● **Assignment**: The entire listing, reproduced exactly and stripped of images, is the expected output.

● **Available data**:
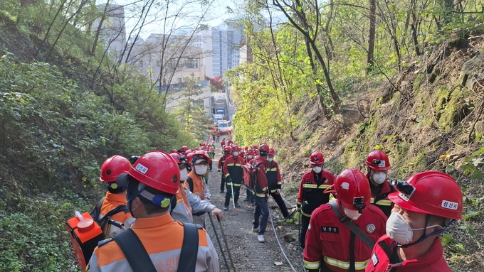이에 시는 ‘산불 발생 시 재난 취약 계층 대피 및 건물 화재 대응’을 주제로 실전형 훈련을 펼쳤다.
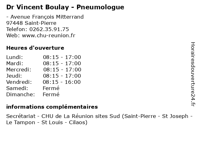 Termes de recherche pour Dr Vincent Boulay - Pneumologue:la, le, de, st, boulay, saint, pierre, vincent, reunion, louis, sud, joseph, chu, allergologie, pneumologie, cilaos, sites, dr, pneumologue, allergie |
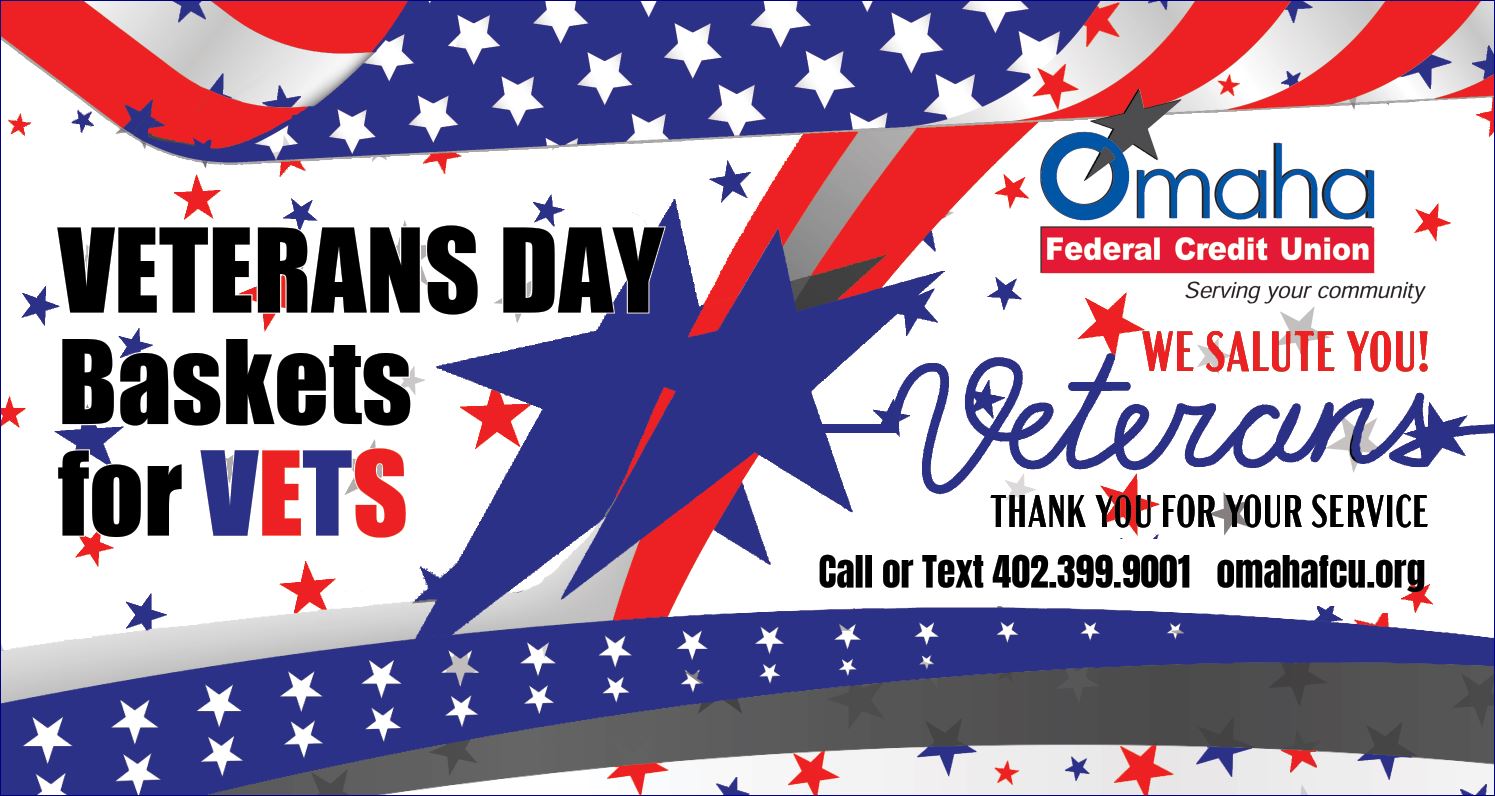 Our Main Branch at 3001 S. 82nd Ave. in Omaha will also have a decorated Vets donation box inside the lobby door to place any in kind donation items. Any items for elderly Veterans (male and female) are welcome – just ensure they are NEW, unopened with original packaging and unwrapped. NOTE: Please DO NOT put the items in a basket – we will be dividing all the items up fairly to insert them in branded tote bags that we (OFCU) have already purchased.

● **Answer box**:
이에 시는 ‘산불 발생 시 재난 취약 계층 대피 및 건물 화재 대응’을 주제로 실전형 훈련을 펼쳤다.
 Termes de recherche pour Dr Vincent Boulay - Pneumologue:la, le, de, st, boulay, saint, pierre, vincent, reunion, louis, sud, joseph, chu, allergologie, pneumologie, cilaos, sites, dr, pneumologue, allergie |
 Our Main Branch at 3001 S. 82nd Ave. in Omaha will also have a decorated Vets donation box inside the lobby door to place any in kind donation items. Any items for elderly Veterans (male and female) are welcome – just ensure they are NEW, unopened with original packaging and unwrapped. NOTE: Please DO NOT put the items in a basket – we will be dividing all the items up fairly to insert them in branded tote bags that we (OFCU) have already purchased.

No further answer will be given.